Open mclarke47 opened 3 years ago
FWIW, terminated analysis run equating to success was actually by design for the following reasons:
It was the best option to choose from the existing phases without introducing a new state in the state machine:
With background analysis (which run indefinitely), the AnlaysisRun will always be terminated by the rollout at the end of the steps. We wanted this to be interpreted as: the background analysis successfully ran for the entire update without failing or erroring.
we are also observing similar issue. any suggestion on this?
@NaveenVastare what are you expecting the behavior to be and the status of the metric?

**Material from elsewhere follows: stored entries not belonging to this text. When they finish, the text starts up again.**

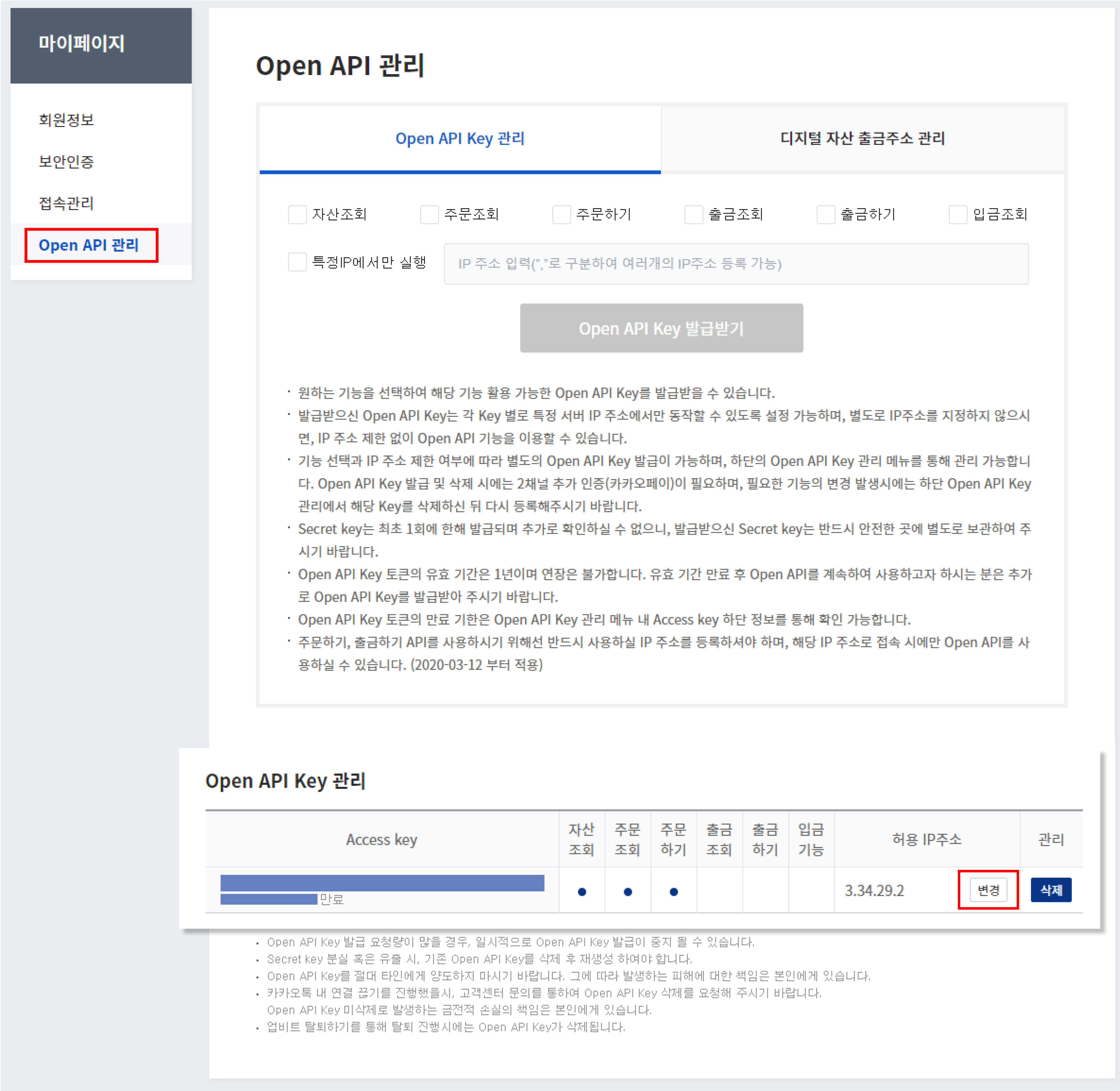 2) 마이페이지 - 'Open API 관리'를 클릭해서 하단의 'Open API Key 관리'에서 ■변경을 클릭합니다.
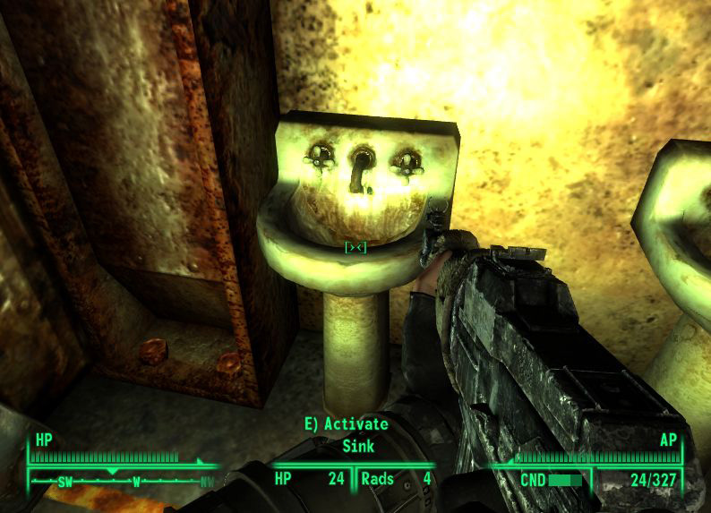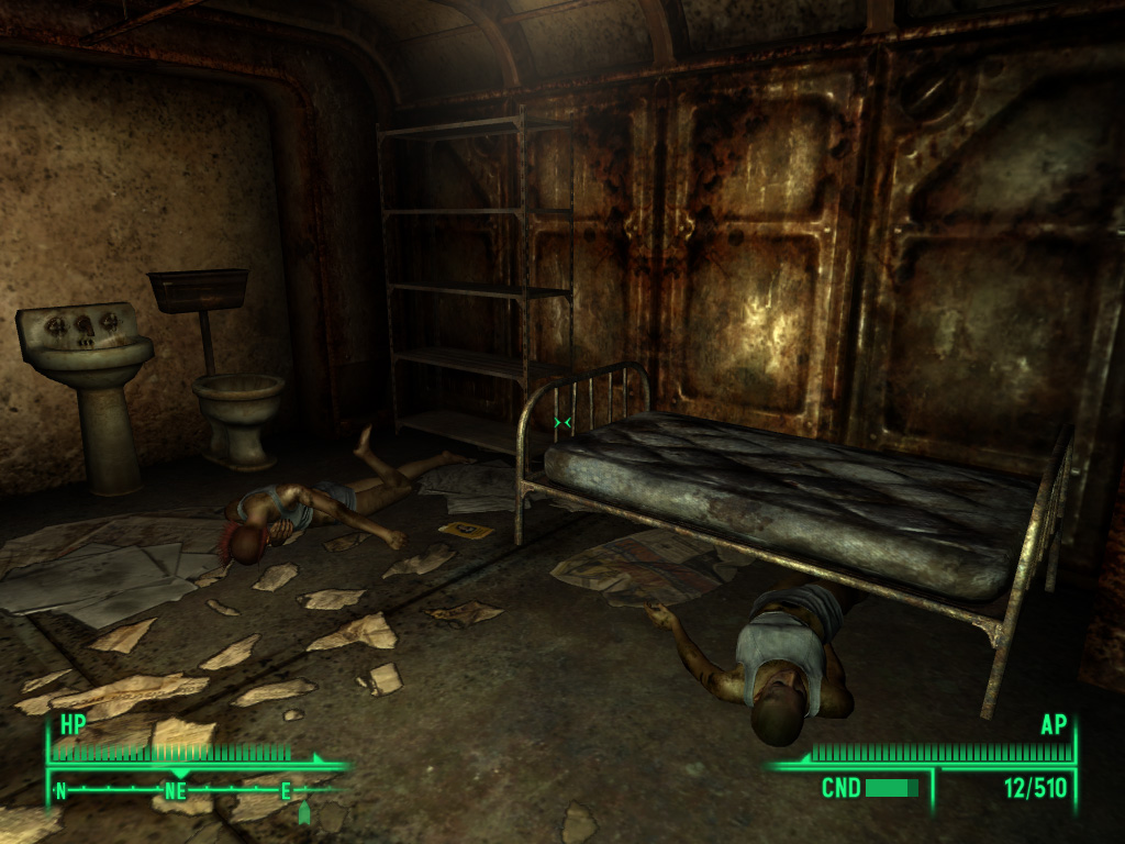 このようにFallout 3では,普通に考えて簡単に手にはいると思われるものがなかなか入手できなかったり,一見ゴミのように見えるものが実は貴重品だったり,一般的には汚い場所とされているところが命をつなぐ水場だったりする。そしてそのような価値観の相違(あるいは,よく“世界観”と呼ばれるもの)は,尺の長い“超美麗! 3Dグラフィックスムービー!”や,プレイヤーが関われない“声優達のおしゃべり”で説明されるのではなく,プレイそれ自体を通じてプレイヤーに伝えられる。だからプレイヤーは,「ここは過酷な世界であり,生き抜くのは大変なことなのだ」ということを,より強い実感として受け取れる。この点は本作のとても優れているポイントだ。
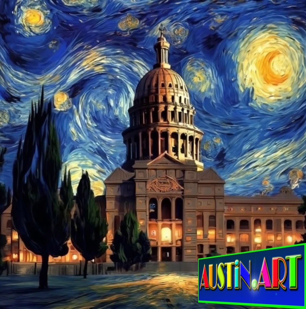 Scroll Down The Austin Art Exhibition of The Austin Capitol Building Traveling Around The World! By Austin Artist DAPACU
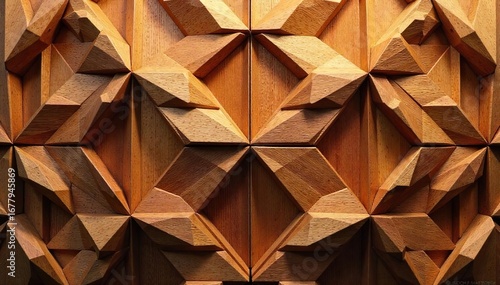 Intricate geometric patterns crafted from rich, warm-toned wood create a stunning visual display of texture and form Perfect for design, architecture, and craft projects , tan, shapes
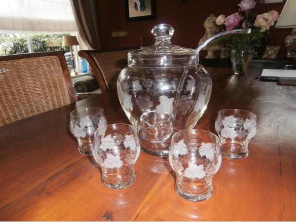 Te koop glazen Bowl  set met 4 glzen en lepel.
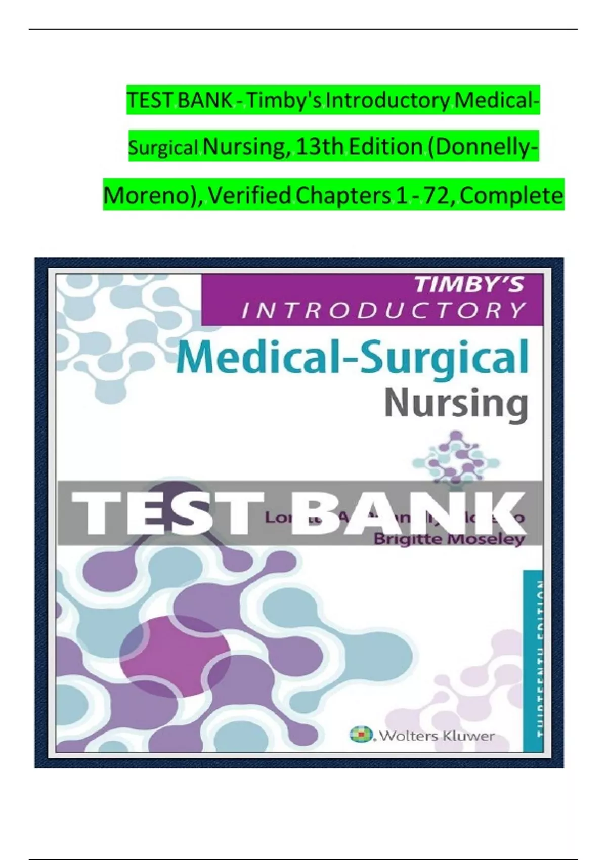 INTRODUCTORY MEDICAL-SURGICAL NURSING 13TH EDITION BY TIMBY SMITH TEST BANK ISBN-978-1975172237 Latest Verified Review 2023 Practice Questions and Answers for Exam Preparation, 100% Correct with Explanations, Highly Recommended, Download to Score A+ Introductory Medical-Surgical Nursing 13th Edition By Timby Smith Test Bank TABLE OF CONTENTS: Chapter 01: Concepts and Trends in Healthcare 1 Chapter 02: Settings and Models for Nursing Care 18 Chapter 03: The Nursing Process, NCLEX-Style 34 Chapter 04: Interviewing and Physical Assessment 48 Chapter 05: Legal and Ethical Issues 62 Chapter 06: Leadership Roles and Management Functions 78 Chapter 07: Nurse–Client Relationships 91 Chapter 08: Cultural Care Considerations 106 Chapter 09: Integrative Medicine and Alternative Therapies 117 Chapter 10: End-of-Life Care 129 Chapter 11: Pain Management 142 Chapter 12: Infection 157 Chapter 13: Intravenous Therapy 173 Chapter 14: Perioperative Care 186 Chapter 15: Disaster Situations 201 Chapter 16: Caring for Clients With Fluid, Electrolyte, and Acid-Base Imbalances 214 Chapter 17: Caring for Clients in Shock 228 Chapter 18: Caring for Clients With Cancer 242 Chapter 19: Introduction to the Respiratory System 260 Chapter 20: Caring for Clients With Upper Respiratory Disorders 276 Chapter 21: Caring for Clients With Lower Respiratory Disorders 291 Chapter 22: Introduction to the Cardiovascular System 304 Chapter 23: Caring for Clients With Infectious and Inflammatory Disorders of the Heart and Blood Vessels 316 Chapter 24: Caring for Clients With Valvular Disorders of the Heart 328 Chapter 25: Caring for Clients With Disorders of Coronary and Peripheral Blood Vessels 341 Chapter 26: Caring for Clients With Cardiac Arrhythmias 354 Chapter 27: Caring for Clients With Hypertension 367 Chapter 28: Caring for Clients With Heart Failure 380 Chapter 29: Caring for Clients Undergoing Cardiovascular Surgery 394 Chapter 30: Introduction to the Hematopoietic and Lymphatic Systems 410 Chapter 31: Caring for Clients With Disorders of the Hematopoietic System 423 Chapter 32: Caring for Clients With Disorders of the Lymphatic System 439 Chapter 33: Introduction to the Immune System 455 Chapter 34: Caring for Clients With Immune-Mediated Disorders 471 Chapter 35: Caring for Clients With HIV/ AIDS 487 Chapter 36: Introduction to the Nervous System 504 Chapter 37: Caring for Clients With Central and Peripheral Nervous System Disorders 518 Chapter 38: Caring for Clients With Cerebrovascular Disorders 532 Chapter 39: Caring for Clients With Head and Spinal Cord Trauma 546 Chapter 40: Caring for Clients With Neurologic Deficits 561 Chapter 41: Introduction to the Sensory System 576 Chapter 42: Caring for Clients With Eye Disorders 588 Chapter 43: Caring for Clients With Ear Disorders 599 Introductory Medical-Surgical Nursing 13th Edition By Timby Smith Test Bank Chapter 44: Introduction to the Gastrointestinal System and Accessory Structures 613 Chapter 45: Caring for Clients With Disorders of the Upper Gastrointestinal Tract 626 Chapter 46: Caring for Clients With Disorders of the Lower Gastrointestinal Tract 641 Chapter 47: Caring for Clients With Disorders of the Liver, Gallbladder, or Pancreas 655 Chapter 48: Caring for Clients With Ostomies 667 Chapter 49: Introduction to the Endocrine System 682 Chapter 50: Caring for Clients With Disorders of the Endocrine System 694 Chapter 51: Caring for Clients With Diabetes Mellitus 708 Chapter
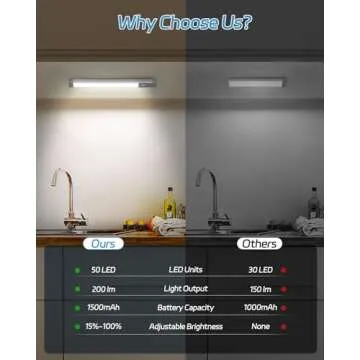 HIBOITEC Under Cabinet Lighting Rechargeable Closet Lights Wireless Motion Sensor Light Indoor, 50 LED Dimmable Magnetic Under Counter Light for Kitchen, Pantry, 2 Pack, Cool White Light, 10 inch
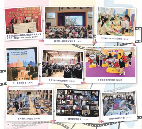 李金先生捐款一百萬為禮堂增添電子大螢 幕及在一樓設SUPER Studio(2019) SUPER Studio正式啟用(2019) 禮堂巨大電子螢光幕啟用(2019) 與機構合作共同抗疫(2019) 疫情下不一樣的畢業禮(2020) 不一様的開學禮(2020) 流體畫教師工作坊(2021) 不一樣的工作空間(2020) 不一樣的聖誕聯歡會(2020) 24 順德聯誼總會李金小學
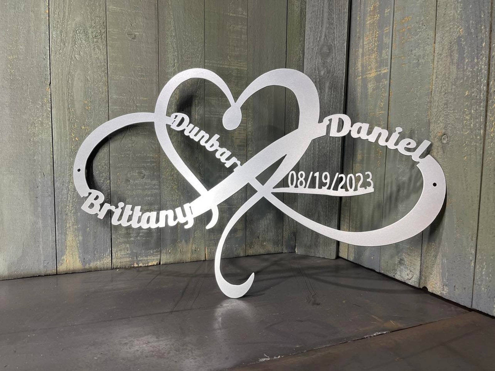 This beautiful heart and infinity sign now includes a last name! Customize it completely with you and your significant other9;s names and wedding or anniversary date! Please include your name and date choices in the personalization box when ordering.
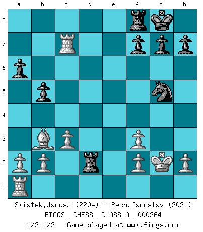 Last move : 1/2-1/2 2023 June 4 23:1:35 [Event "FICGS__CHESS__CLASS_A__000264"] [Site "FICGS"] [Date "2022.12.13"] [Round "1"] [White "Swiatek,Janusz"] [Black "Pech,Jaroslav"] [Result "1/2-1/2"] [WhiteElo "2204"] [BlackElo "2021"] 1.e4 e5 2.Nf3 Nc6 3.Bb5 a6 4.Ba4 Nf6 5.O-O Be7 6.Re1 b5 7.Bb3 O-O 8.c3 d6 9.d4 Bg4 10.Be3 Bh5 11.Nbd2 d5 12.exd5 Nxd5 13.dxe5 Nxe5 14.Bd4 Nc6 15.Be5 Nxe5 16.Rxe5 Nf6 17.Ne4 Nxe4 18.Qxd8 Raxd8 19.Rxe7 Bxf3 20.gxf3 Ng5 21.Rxc7 Rd2 22.Kg2 1/2-1/2 Follow this game move after move (download)If your opponent cannot do anything active, then don't rush the position; instead you should let him sit there, suffer, and beg you for a draw. (Jeremy Silman) Ich war zu klein für die Schach-Schülermannschaft! (Woody Allen) Haz el enroque temprano y seguido. (Rob Sillars) La guerre est enfant de la passion, la passion est enfant du narcissisme et le narcissisme est l'enfant. (...) Une autre partie ? (Thibault de Vassal) Industry executives and analysts often mistakenly talk about strategy as if it were some kind of chess match. But in chess, you have just two opponents, each with identical resources, and with luck playing a minimal role. The real world is much more like a poker game, with multiple players trying to make the best of whatever hand fortune has dealt them. In our industry, Bill Gates owns the table until someone proves otherwise. (David Moschella, 'Computerworld')

Pod Status is in CrashLoopBackOff but AnalysisRun gave status as Successful which is not expected. Without running job metrics, AnalysisRun gave status as Successful which is leading to rollback to bad version.
Name: application-app
Namespace: app
Status: ◌ Progressing
Message: updated replicas are still becoming available
Strategy: BlueGreen
Images: 62.dkr.ecr.ap-south-1.amazonaws.com/application:application-47 (stable, active)
Replicas:
Desired: 1
Current: 1
Updated: 1
Ready: 0
Available: 0
NAME KIND STATUS AGE INFO
⟳ application-app Rollout ◌ Progressing 7d
├──# revision:4
│ ├──⧉ application-app-579f49bb4b ReplicaSet ◌ Progressing 19h stable,active
│ │ └──□ application-app-579f49bb4b-xqqq9 Pod ✖ CrashLoopBackOff 23m ready:1/2,restarts:8
│ └──α application-app-579f49bb4b-4-pre AnalysisRun ✔ Successful 19h ✔ 1
│ └──⊞ 7d33e214-0a03-4563-8ce3-5dfcb9c21ae3.smoke-test.1 Job ✔ Successful 19h
Job status :
status: message: run terminated metricResults:
hi @jessesuen , any workaround for this issue? The expected behavior should be: Rollback the rollout when the pod status is CrashLoopBackOff imho!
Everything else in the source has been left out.